---------- Data extracts
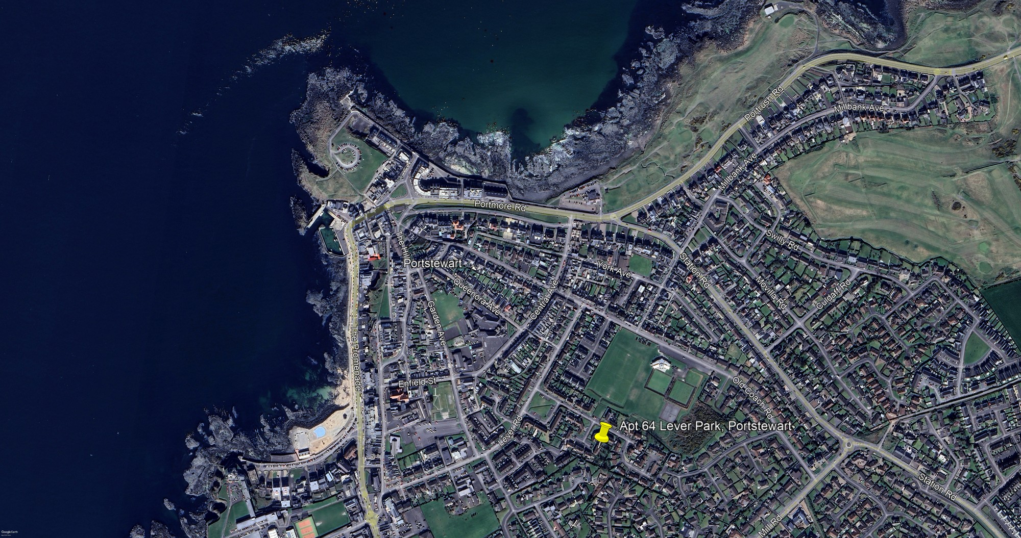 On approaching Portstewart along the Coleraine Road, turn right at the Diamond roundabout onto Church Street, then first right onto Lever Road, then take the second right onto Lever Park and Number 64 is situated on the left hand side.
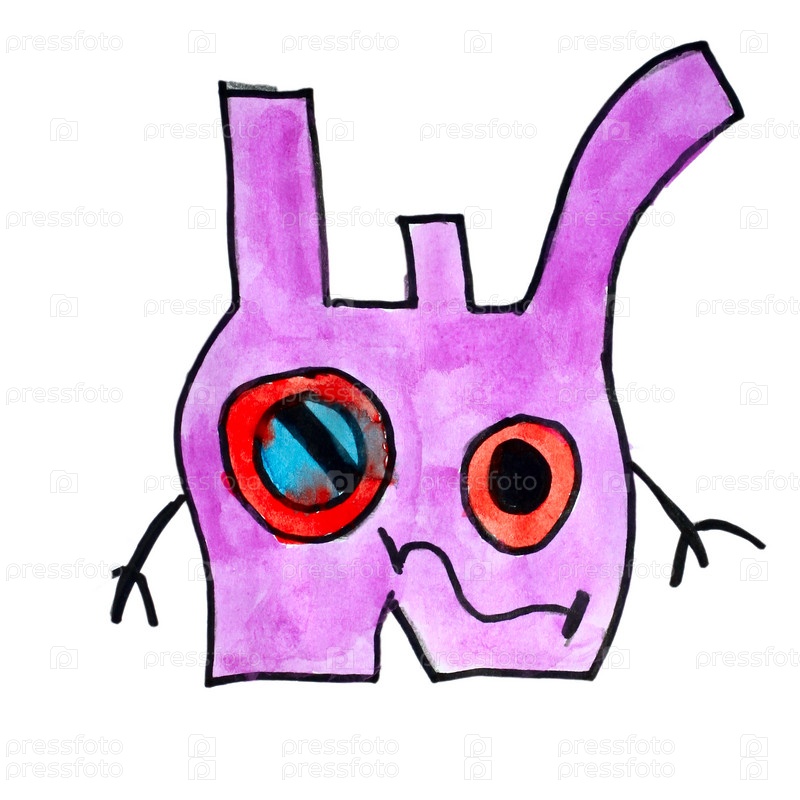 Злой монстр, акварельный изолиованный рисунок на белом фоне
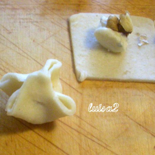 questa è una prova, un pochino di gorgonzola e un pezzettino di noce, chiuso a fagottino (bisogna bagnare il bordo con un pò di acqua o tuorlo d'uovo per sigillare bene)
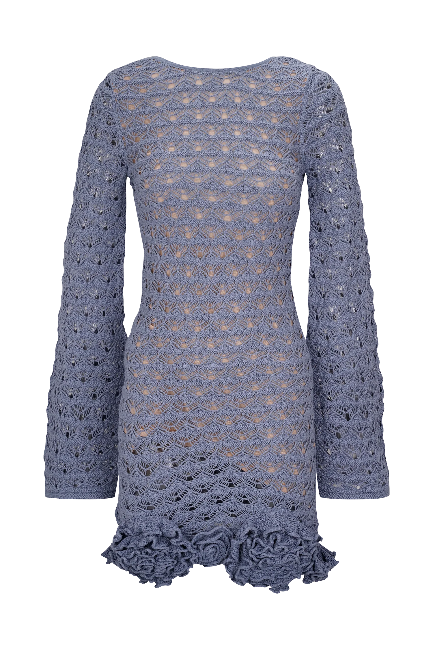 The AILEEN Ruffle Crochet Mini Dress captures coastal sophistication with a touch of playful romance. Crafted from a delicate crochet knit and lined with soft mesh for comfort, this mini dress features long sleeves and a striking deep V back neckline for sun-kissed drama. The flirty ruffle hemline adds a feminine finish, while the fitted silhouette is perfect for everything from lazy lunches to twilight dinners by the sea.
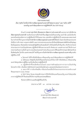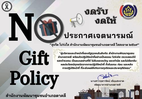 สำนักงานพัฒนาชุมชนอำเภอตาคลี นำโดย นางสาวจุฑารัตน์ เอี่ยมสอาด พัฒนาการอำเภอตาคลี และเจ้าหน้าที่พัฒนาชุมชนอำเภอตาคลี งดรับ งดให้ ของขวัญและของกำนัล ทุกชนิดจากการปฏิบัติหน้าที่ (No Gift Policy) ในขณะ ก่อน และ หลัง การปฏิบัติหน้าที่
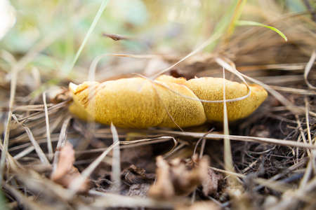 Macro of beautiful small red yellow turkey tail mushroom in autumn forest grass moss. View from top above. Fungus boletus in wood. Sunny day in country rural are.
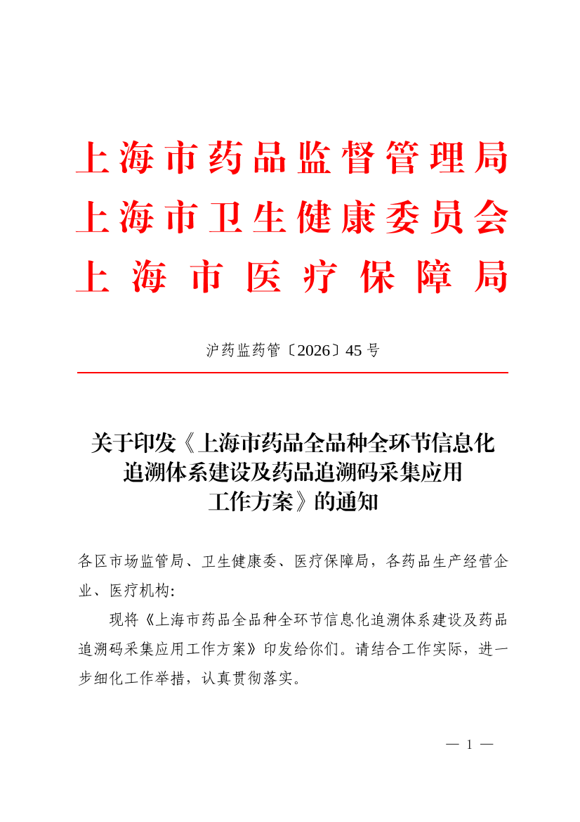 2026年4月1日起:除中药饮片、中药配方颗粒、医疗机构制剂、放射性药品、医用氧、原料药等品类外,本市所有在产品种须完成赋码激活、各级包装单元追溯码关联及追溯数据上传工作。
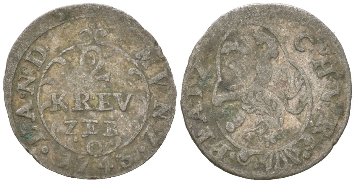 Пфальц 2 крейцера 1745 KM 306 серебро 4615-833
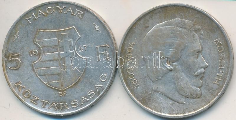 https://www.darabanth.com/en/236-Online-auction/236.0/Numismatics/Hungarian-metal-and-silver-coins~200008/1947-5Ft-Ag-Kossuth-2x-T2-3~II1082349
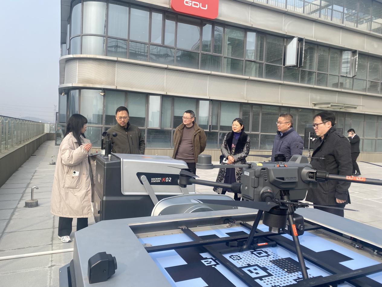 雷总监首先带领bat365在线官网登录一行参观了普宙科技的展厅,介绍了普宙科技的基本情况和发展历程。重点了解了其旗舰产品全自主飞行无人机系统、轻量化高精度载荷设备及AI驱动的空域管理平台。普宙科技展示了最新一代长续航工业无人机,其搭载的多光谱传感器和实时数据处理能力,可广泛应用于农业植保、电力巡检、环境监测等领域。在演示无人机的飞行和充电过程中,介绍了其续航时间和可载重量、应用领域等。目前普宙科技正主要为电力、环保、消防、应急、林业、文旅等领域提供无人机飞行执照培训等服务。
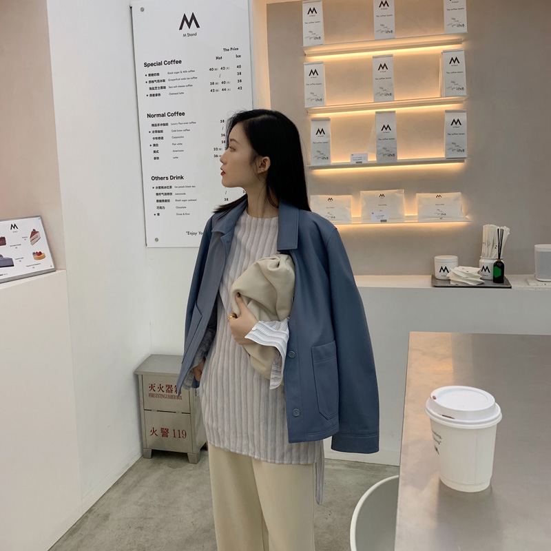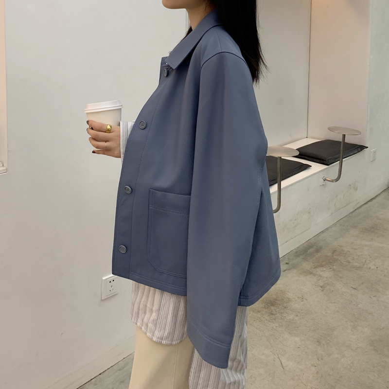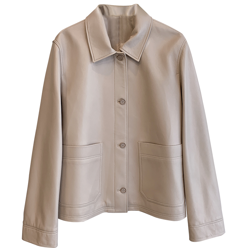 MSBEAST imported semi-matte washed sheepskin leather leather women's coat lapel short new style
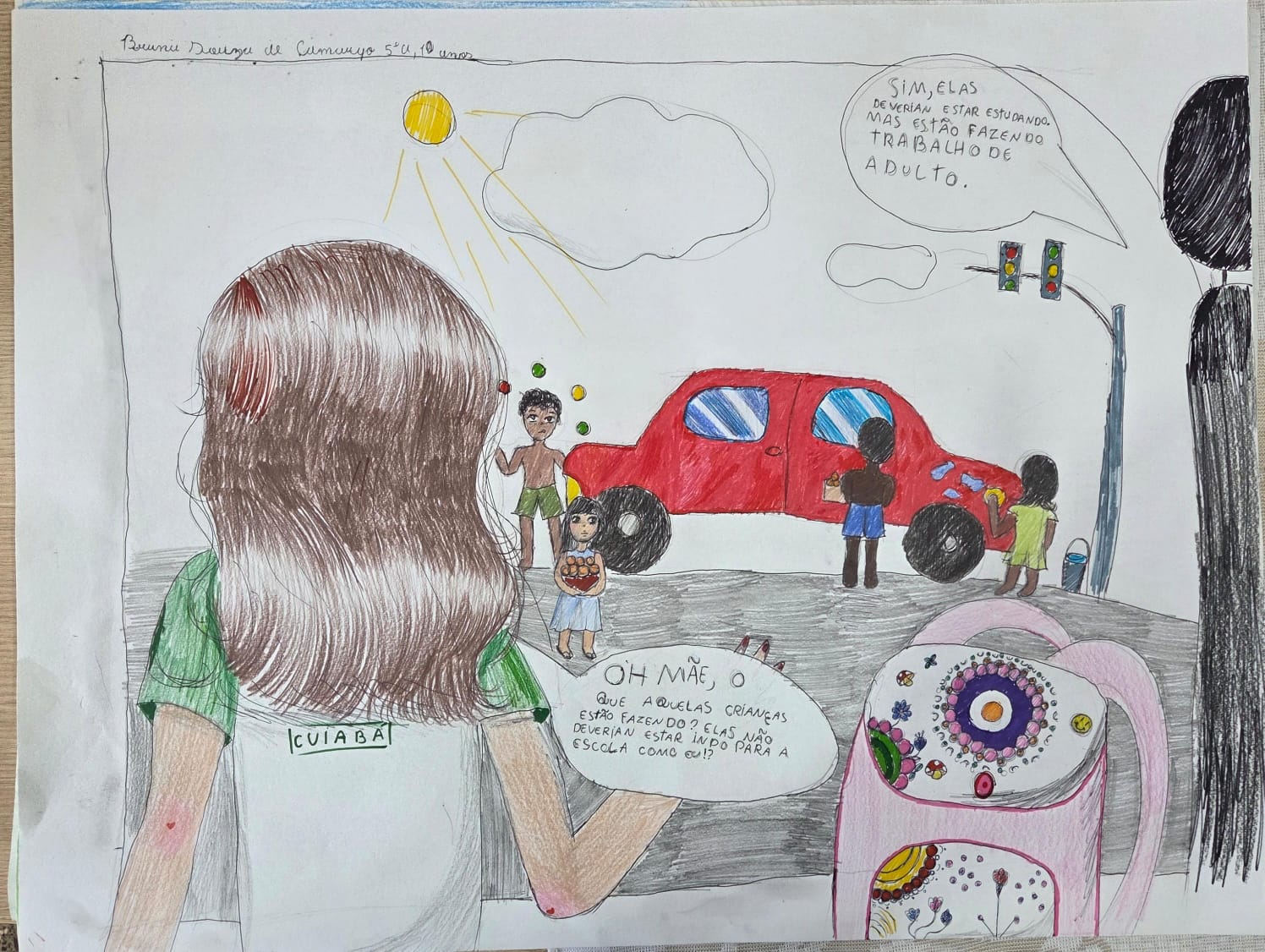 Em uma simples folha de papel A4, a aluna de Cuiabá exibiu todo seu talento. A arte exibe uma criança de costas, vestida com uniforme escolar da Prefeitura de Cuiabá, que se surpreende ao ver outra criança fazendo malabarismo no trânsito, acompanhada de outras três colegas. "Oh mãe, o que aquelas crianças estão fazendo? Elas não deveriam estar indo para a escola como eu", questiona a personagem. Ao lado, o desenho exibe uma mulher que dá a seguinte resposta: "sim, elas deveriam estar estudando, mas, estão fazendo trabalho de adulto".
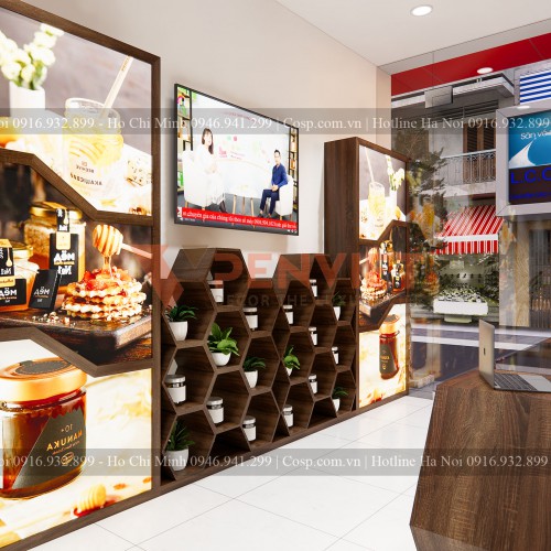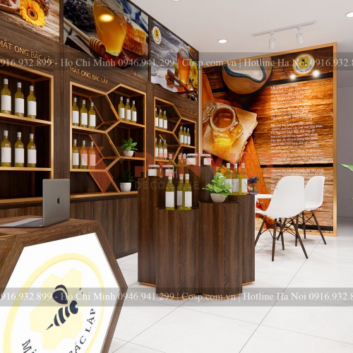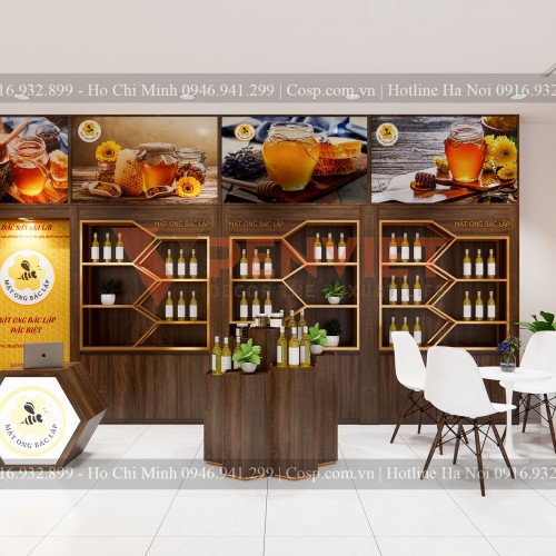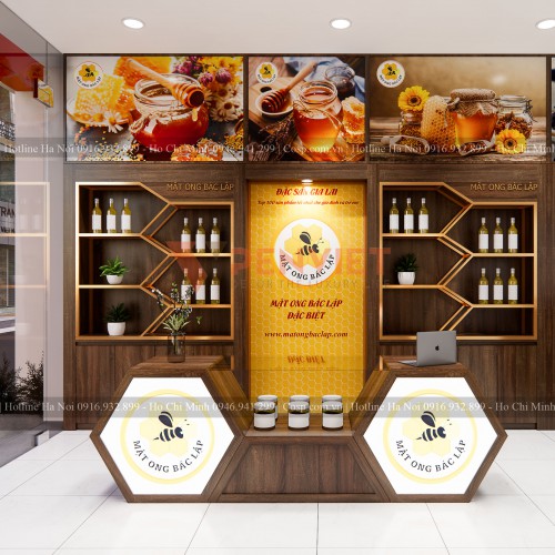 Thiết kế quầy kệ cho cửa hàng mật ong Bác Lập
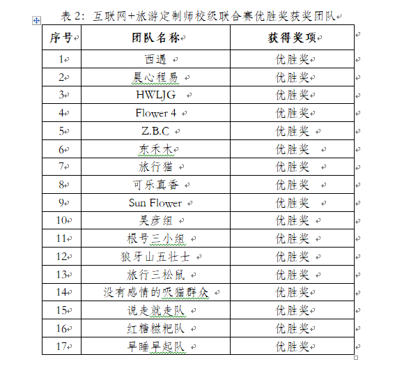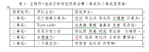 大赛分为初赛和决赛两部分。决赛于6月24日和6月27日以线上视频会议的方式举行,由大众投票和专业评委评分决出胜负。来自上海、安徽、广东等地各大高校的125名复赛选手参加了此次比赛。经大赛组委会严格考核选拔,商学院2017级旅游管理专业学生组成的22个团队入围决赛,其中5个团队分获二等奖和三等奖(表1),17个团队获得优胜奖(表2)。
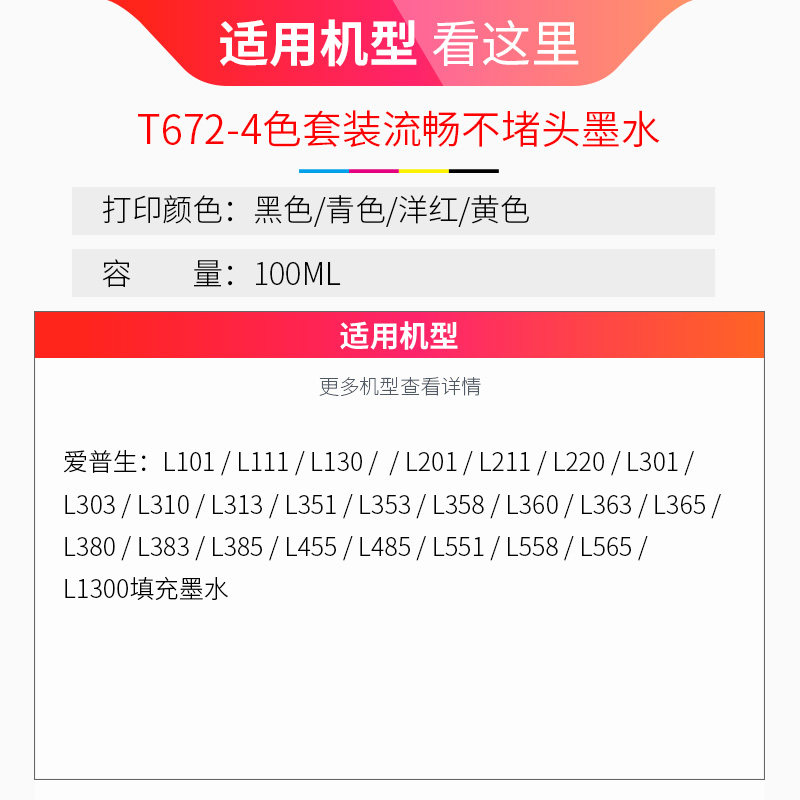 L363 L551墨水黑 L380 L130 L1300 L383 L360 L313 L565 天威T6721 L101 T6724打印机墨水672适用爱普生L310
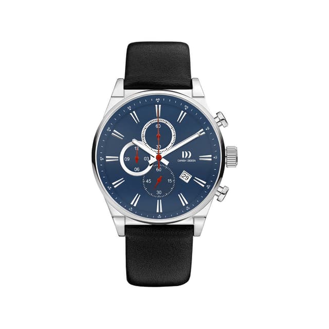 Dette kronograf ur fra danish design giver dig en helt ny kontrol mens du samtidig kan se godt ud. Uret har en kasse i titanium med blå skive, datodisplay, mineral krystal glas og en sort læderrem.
--------------------
Please set down only the lines from the first line of the records above through the line that has "questa è una", exactly, and not the pictures.

### Finished exercise:
 On approaching Portstewart along the Coleraine Road, turn right at the Diamond roundabout onto Church Street, then first right onto Lever Road, then take the second right onto Lever Park and Number 64 is situated on the left hand side.
 Злой монстр, акварельный изолиованный рисунок на белом фоне
 questa è una prova, un pochino di gorgonzola e un pezzettino di noce, chiuso a fagottino (bisogna bagnare il bordo con un pò di acqua o tuorlo d'uovo per sigillare bene)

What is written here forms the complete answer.